When to use the edge

How do you decide if the edge is the correct place for a computational task? Gilabert said there are five key aspects to help you decide:

  • What’s the acceptable latency? “For predictive maintenance, five minutes is no big deal, you can run it in the cloud. But for operations, for example, an oil-producing pump where production drops due to sand in the pump, you need to know right now,” Gilabert said. “Make a decision as fast and as close as possible, and automatically if you can.”
  • What’s the role of the Internet? “At the edge, you’re not dependent on the connection to the Internet,” Gilabert said. “You can cut the connection, and send data once a day to the cloud, where it can be used to improve models and performance across the fleet. You can choose to do that or not. And if the connection is lost, that’s OK.”
  • What security is required? “Cloud connections may give no control over channels to vendors, which is a risk,” Gilabert said. “With the edge, you can send what you choose, for example, only the results, not the data, on interfaces you manage and control.”
  • Is cost a priority? The edge is cost-effective. “It can interact with existing architectures, with no need to rip and replace,” Gilabert said. You can run it in parallel with existing systems, bring on new programs and abilities, then slowly migrate as capabilities evolve. “Greenfields can use it directly, but with legacy systems, this can happen over many years,” he said. Let critical process control stay where it is, with redundancy, etc., and add secondary improvements, such as monitoring pump vibration and currents. He said, “It’s easier, cheaper and faster to deploy on the edge.”
  • Do you need interoperability? “With PCs in the field and Linux, it’s easy to develop drivers,” Gilabert said. “We work with a company dedicated to that. You can easily add a gateway and connect to the controllers, ours and others.”

Make the business case

In one example, a company has pumps in the field, hundreds of feet underground, with onsite controllers and memory cards. Traditionally, cards were collected from the controllers, returned to a central location, read and reviewed. “Instead, bring the data in and use machine learning to identify issues,” Gilabert said. With this approach, the company is now analyzing production issues as well as mechanical issues.

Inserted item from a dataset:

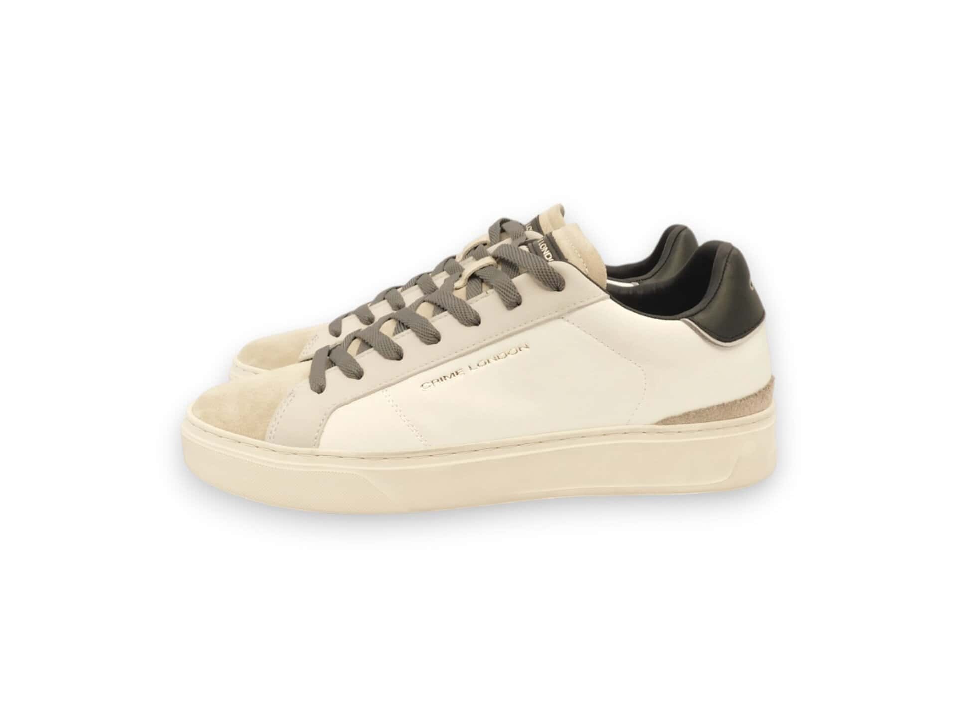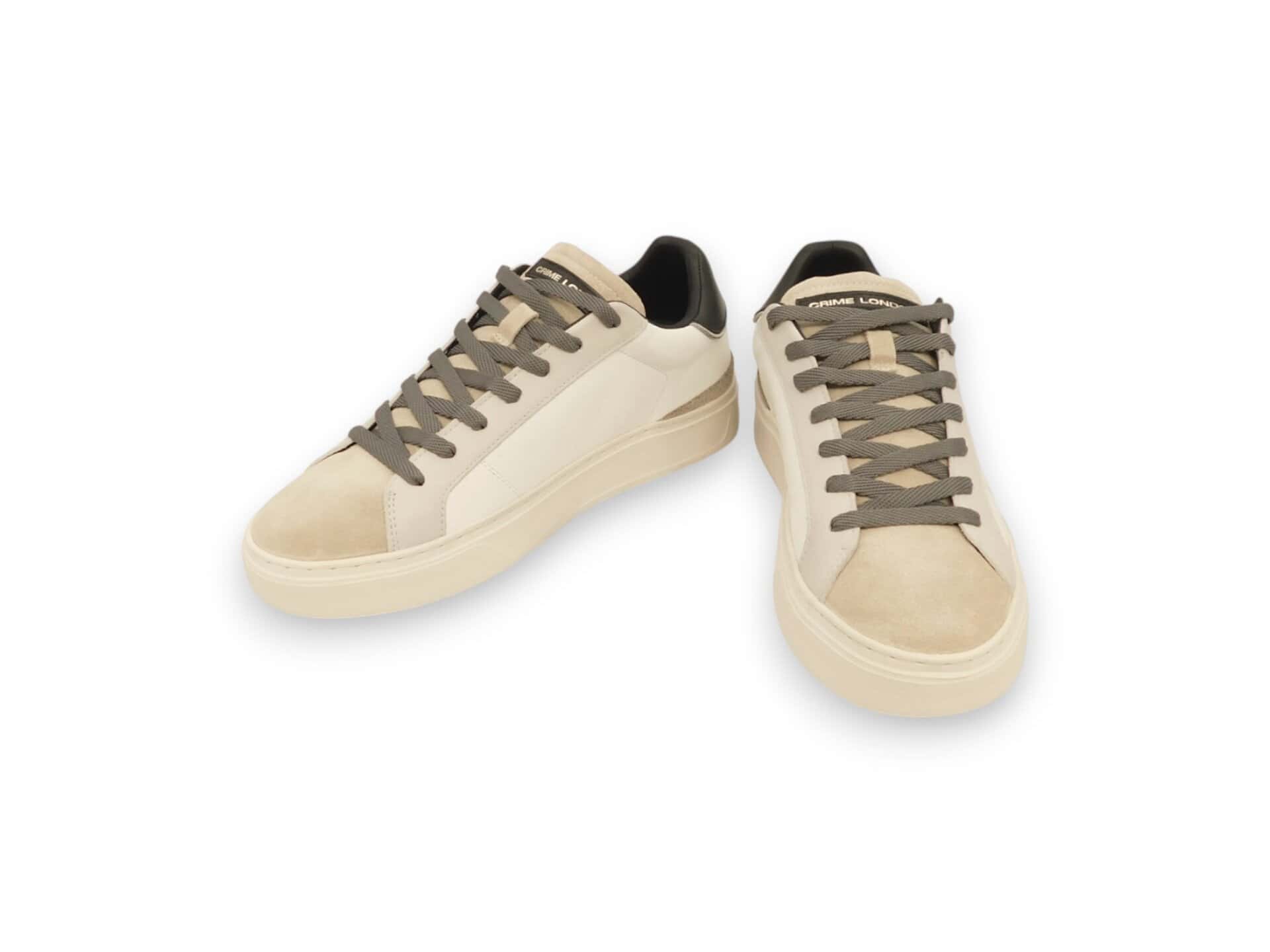 Sneaker bassa con lacci a contrasto. Suola in gomma. Interno in pelle e tessuto. Talloncino a contrasto, nero.

But, AI needs experts to teach it, with asset-centric machine-learning models at the edge, to unlock the value. The end objective is the autonomous operator, with operators transferring their knowledge to machine learning systems.

“You can optimize a pump far beyond what could be done before,” Gilabert said. Operators can influence, control and improve accuracy. They can see inferred values, for example, a virtual flowmeter based on temperature and pressure readings, not just temperature and pressure. Safety and emissions people can see spills and alarms. “And, this is just the beginning,” he said.

“It’s not just a technical revolution. It also changes your relationships with your vendors,” Gilabert said. “Before, you owned it all. Now, you can pay for what you use, a subscriber model. Why own automation? Own your own business equipment, buy automation as a service and let the vendor optimize it. The models are continuing to grow, allowing you to focus on your own business.”

Business is changing, and you need to change how you do business. “Never start with the technology, start with the business problem,” Gilabert said. When a team that wanted to automate the wells went to management, management said no, it’s too expensive. They went back and added up the drive time of all the operators, which came to $7 million per year. When they showed that to management and said they could cut it in half, it was approved.

“Start small, prove value and scale up fast,” Gilabert said. Select the right problems and business cases, then pay attention to people. “The number one reason projects fail is not doing change management for the people and culture,” he said. “You need to change not just the technology, but the way you do work.”